The Creative Footprint (CFP) fights negative gentrification, one nightclub at a time.
 
The innovative new project from Berlin’s Clubcommissioner Lutz Leichsenring and Amsterdam’s Night Mayor Mirik Milan has officially launched in New York City. The extensive study involves gathering data about every single music venue in NYC, and works closely with the city’s nightlife scene to find solutions to problems around gentrification.
 
Following the successful repeal of the city’s institutionally racist Cabaret Law and the announcement of a new Office of Nightlife, New York City is entering an exciting period of activism after dark. The Creative Footprint brings 15+ years of experience from two of the world’s foremost nightlife experts to the city’s vibrant movement, and will arm the scene with necessary data to better protect itself.
 
Using foundational data from official partners Resident Advisor and Ad Hoc, CFP hired 18 New York-based data researchers and works with local experts (venue owners, promoters, and artists) to analyze and verify the data. The end result will be a rich insight into the current live music and clubbing landscape of New York, and a vital look at the true effects of negative gentrification on the city’s diverse nightlife scenes.
 
“It’s very rare that creative scenes have enough data to support their arguments when it comes to gentrification,” notes Leichsenring, himself a former venue owner in Berlin and the official spokesperson for the 220-member Clubcommission since 2009. “The Creative Footprint is a way for us to work with communities to gather their data and hold governments and developers accountable for how they affect their scenes.”
 
The team will present their findings in Q1 of 2018 at NightCamp—a two-day intensive workshop series which brings together promoters, venue owners, stakeholders, government representatives and global nightlife experts.
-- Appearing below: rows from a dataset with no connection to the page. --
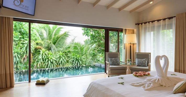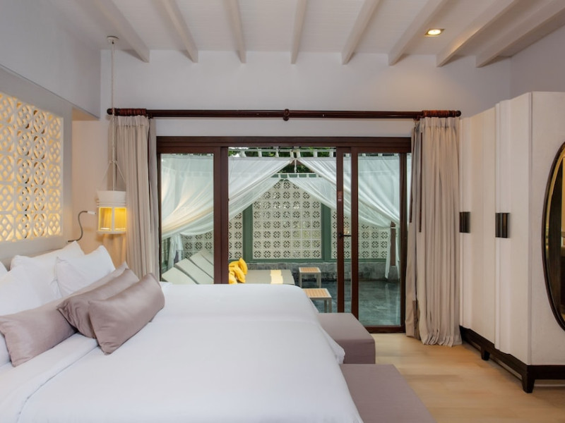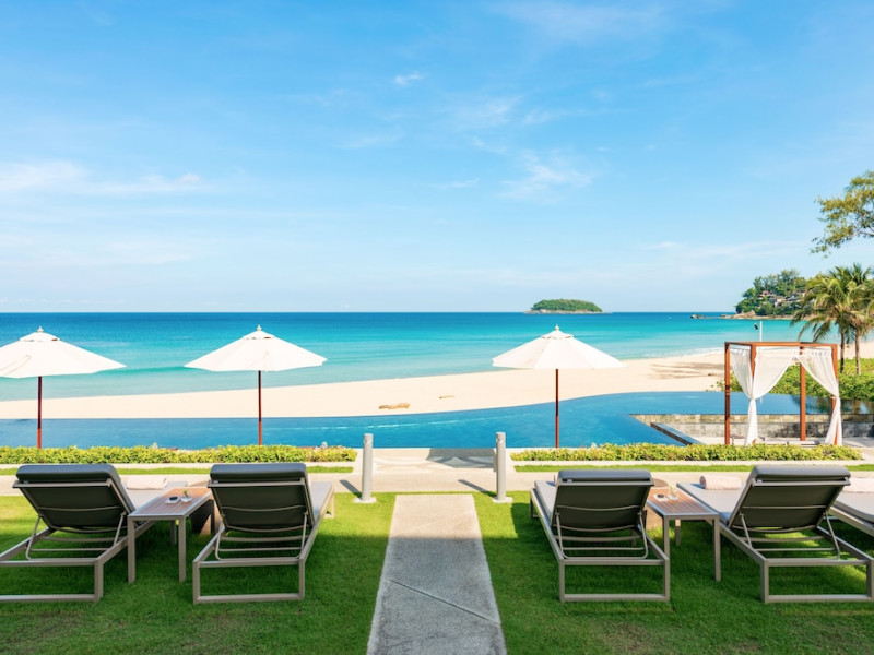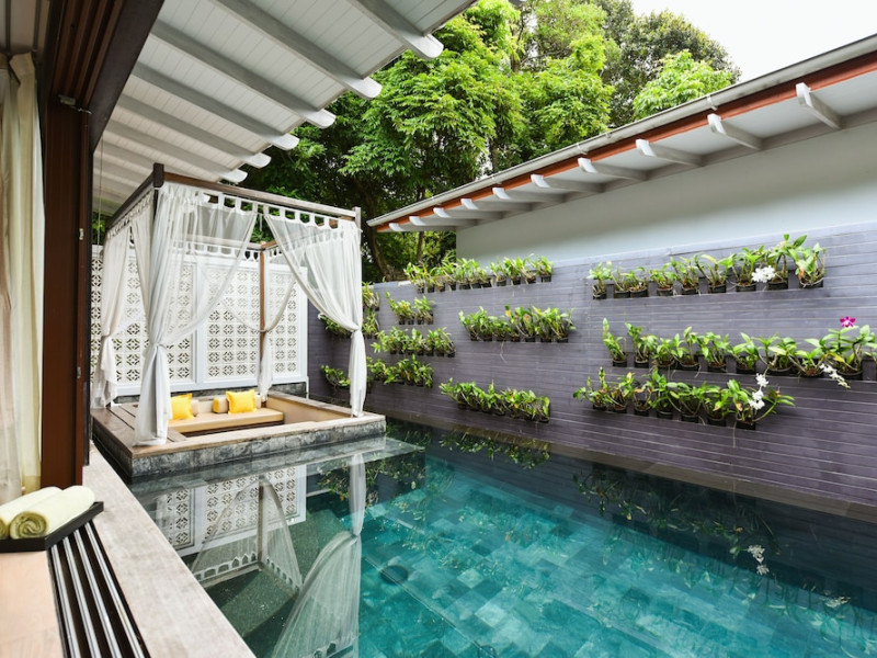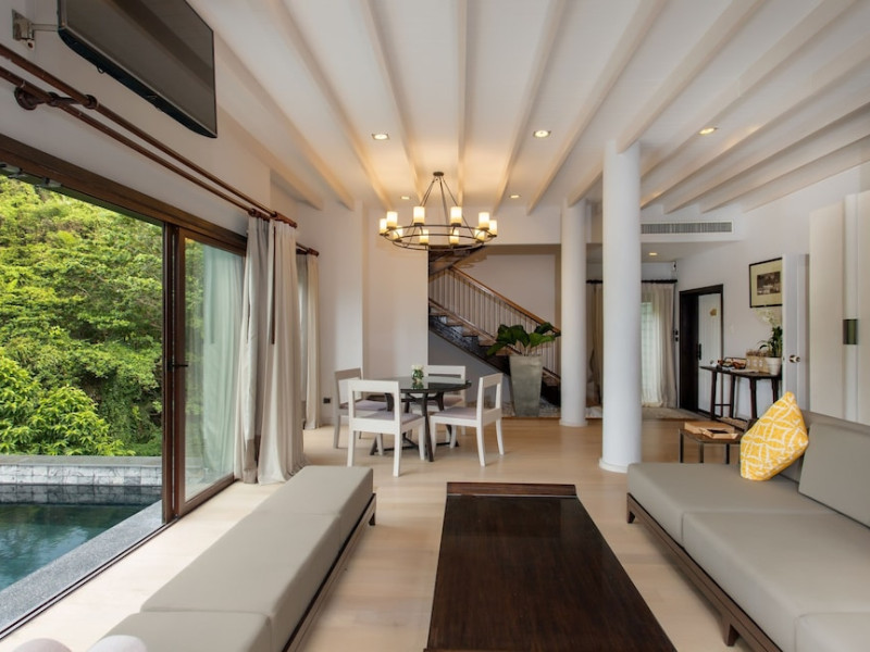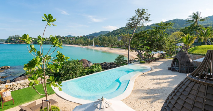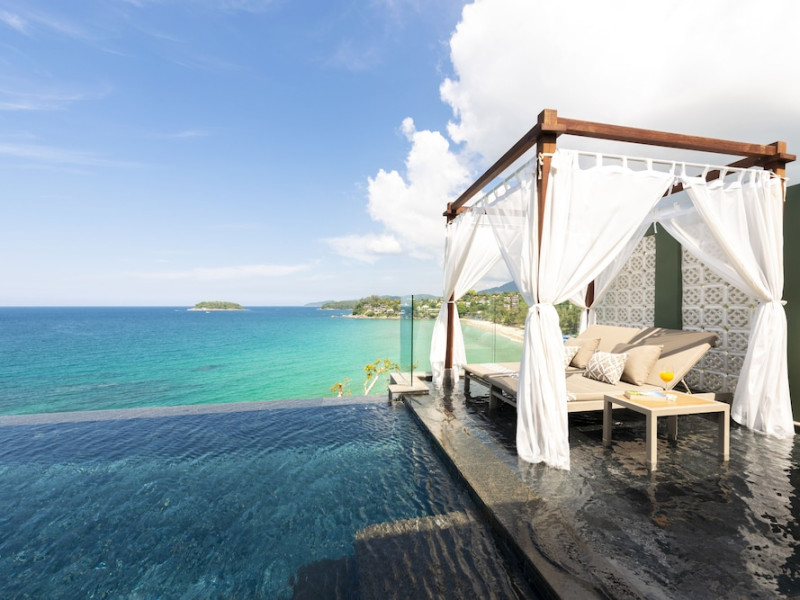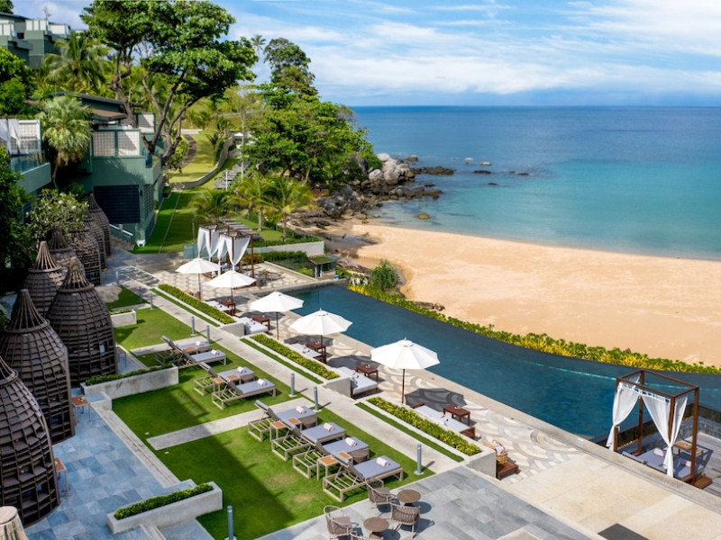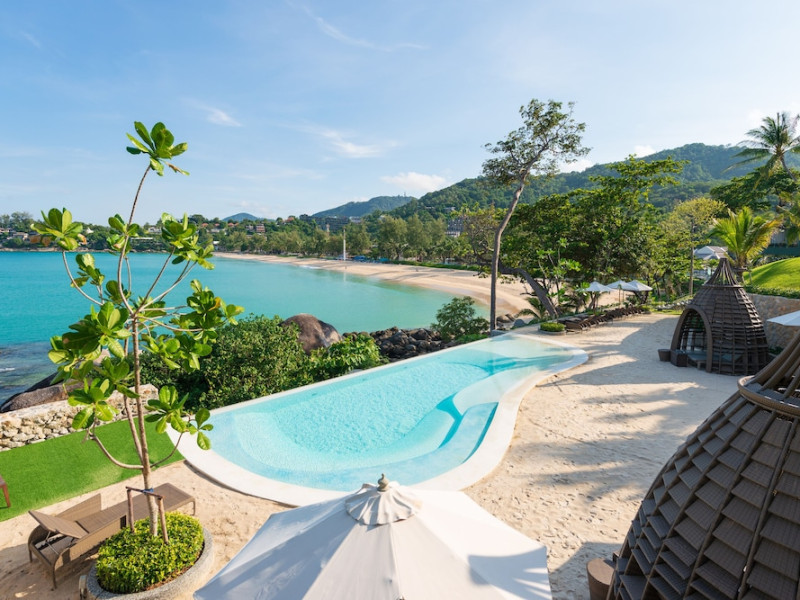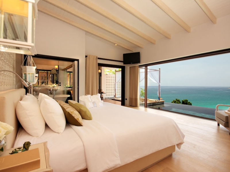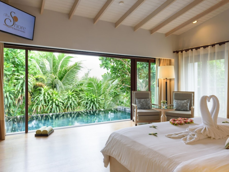 The Shore at Katathani is a luxurious, adult-only beachfront resort located on Kata Noi Beach, offering villas with private pools and sea views. The air-conditioned villas feature stylish design and open to a private sundeck. Complimentary WiFi is available. Guests can enjoy the on-site spa, fitness center, and a main infinity pool. Dining options include The Harbor restaurant, a bar/lounge, and a poolside bar. A complimentary breakfast is served daily. The resort offers concierge service, express check-in/check-out, and laundry services. Activities include yoga and aqua aerobics. An airport shuttle is available for an additional fee. The resort is a 50-minute drive from Phuket International Airport. The Shore At Katathani - Adults Only is a Beach Resort, Honeymoon, Leisure, Resort, Tourist, Villa Resort hotel. The nightlife/restaurants are easily accessible by taxi or bus from the hotel.
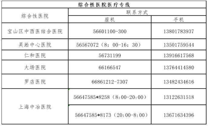 1、開診醫院:寶山區中西醫結合醫院、吳淞中心醫院、仁和醫院、仁濟寶山分院(大場醫院)、羅店醫院、上海中冶醫院急診、發熱門診24小時開診,寶山中西醫結合醫院、仁濟寶山分院開設簡易門診,為區內居民提供基本醫療服務,并為急危重癥患者開辟綠色通道。
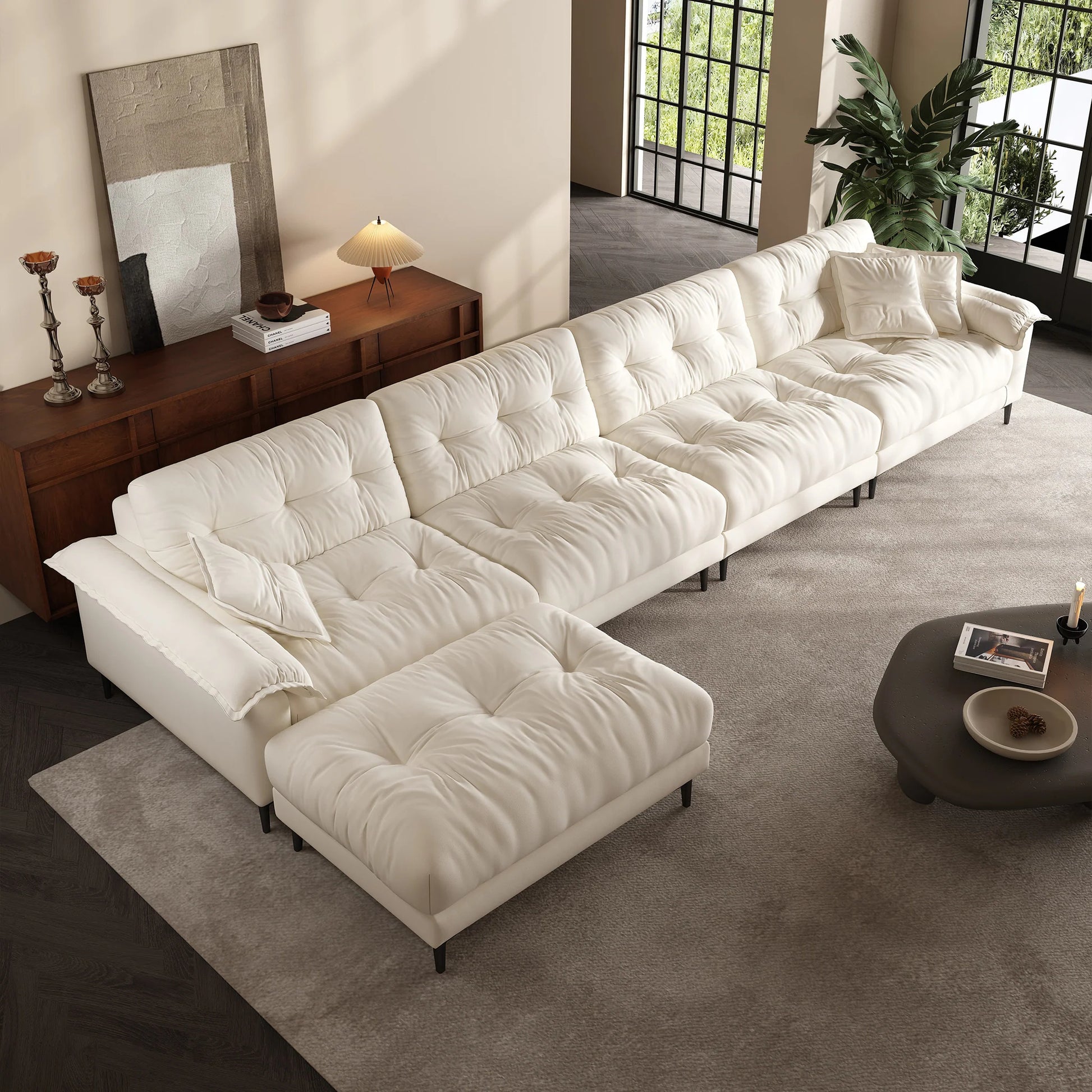 Sponge filled apartment living room modular 6 seater sofa and ottoman

Backed by Lutz and Mirik’s vast experience influencing city politics, NightCamp combines policy, data analysis and grassroots organizing to bring active solutions to problems, and helps to shape the agenda of the city’s incoming Office of Nightlife.
 
Today, the Creative Footprint launched its Kickstarter campaign to fund NightCamp NYC. Patrons can donate to receive NightCamp tickets, as well as tickets to seminal NYC clubs/promoters Output, House of YES!, TBA, Avant Gardner/Brooklyn Mirage, Good Room, Friends & Lovers, Brut and Twice As Proper, all of whom are official partners and supporters of the project.
 
NightCamp will be a workshop series that engages attendees in establishing the most pressing problems highlighted by New York’s music scene (e.g. making your illegal space legal, overcoming zoning regulations, coalition building, NYPD relations etc.), and will pair the nightlife community with relevant city officials, and help to bridge the natural gaps that exist in the scene.
 
“In Amsterdam, we have seen the positive results that occur when you bring all of the voices—from the highest rungs of the city government, to the kids in line for the club—to the table,” explains Milan, a longstanding party promoter-turned-Night Mayor of Amsterdam. Widely considered the first Night Mayor figure, he has played an instrumental role in bringing the nightlife advocacy movement worldwide. “Positive change can really occur when you have diverse opinions and open minds.”
 
+ About Lutz Leichsenring
 
Lutz Leichsenring is the founder of the Creative Footprint, and one of the world’s leading authorities on protecting creative industries.
 
Since 2009, Lutz has been the spokesman and executive board member for the Berlin Clubcommission. He has fought tirelessly for the rights of Berlin’s vast underground club scene by organizing demonstrations, conferences, workshops and by speaking at round tables and parliamentary committees.
 
+ About Mirik Milan
 
Mirik Milan is the current Night Mayor of Amsterdam, and longtime creative director of some of the Dutch capital’s most celebrated events.
 
Since 2012, he has played an instrumental role in the reshaping of Amsterdam’s nightlife scene into one of the most vibrant and economically robust in the world. His innovative position is fast becoming replicated in major nightlife-focused cities around the world, like New York, Paris and London.